Of course we cannot always share details about our work with customers, but nevertheless it is nice to show our technical achievements and share some of our implemented solutions.
If you are using Rancher managed Kubernetes, you might have come across the Rancher reset/clean-up article. A node "reset" is necessary if it was previously used in a Kubernetes cluster and it should be (re-)used in another cluster. Otherwise the remaining config files, which are spread over very different paths, will interfere in the cluster register phase and might cause very weird problems.
One part of the mentioned clean-up is the removal of all container data in /var/lib/docker/ after the Docker service was stopped. At the end of the clean-up tasks, the Docker service is started again.
Modifying the Kubernetes cluster on which Rancher runs (the so-called "local" cluster), requires a modification of the Rancher YAML file, followed by a run of RKE.

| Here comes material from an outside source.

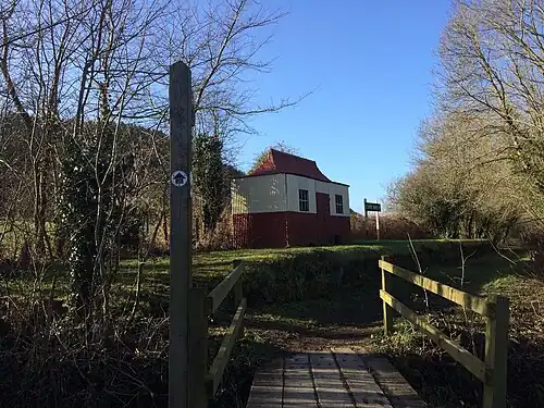 The branch was incorporated into the Great Western Railway at the Grouping of 1923, passing on to the Western Region of British Railways on nationalisation in 1948. Passenger services were discontinued in 1951, general freight in 1963 and milk traffic from near Felin Fach ceased in 1973.[2] The halt had a single platform and the line nearby was placed in cuttings to hide the line from the owners of the Llanerchaeron estate. The trackbed here is now a footpath, and the platform, nameboard and pagoda-roofed GWR shelter have been restored.[3]

After a cleaned up and Ubuntu-upgraded node (192.168.253.16) was added into the YAML config (3-node-rancher-n200.yml), RKE was run. But after a few seconds, RKE stopped with an error:
$ ./rke up --config RANCHER2_n200/3-node-rancher-n200.yml
INFO[0000] Running RKE version: v1.3.1
INFO[0000] Initiating Kubernetes cluster
INFO[0000] [certificates] GenerateServingCertificate is disabled, checking if there are unused kubelet certificates
INFO[0000] [certificates] Generating Kubernetes API server certificates
INFO[0000] [certificates] Generating admin certificates and kubeconfig
INFO[0000] [certificates] Generating kube-etcd-192-168-253-15 certificate and key
INFO[0000] [certificates] Generating kube-etcd-192-168-253-16 certificate and key
INFO[0000] [certificates] Generating kube-etcd-192-168-253-17 certificate and key
INFO[0000] Successfully Deployed state file at [RANCHER2_n200/3-node-rancher-n200.rkestate]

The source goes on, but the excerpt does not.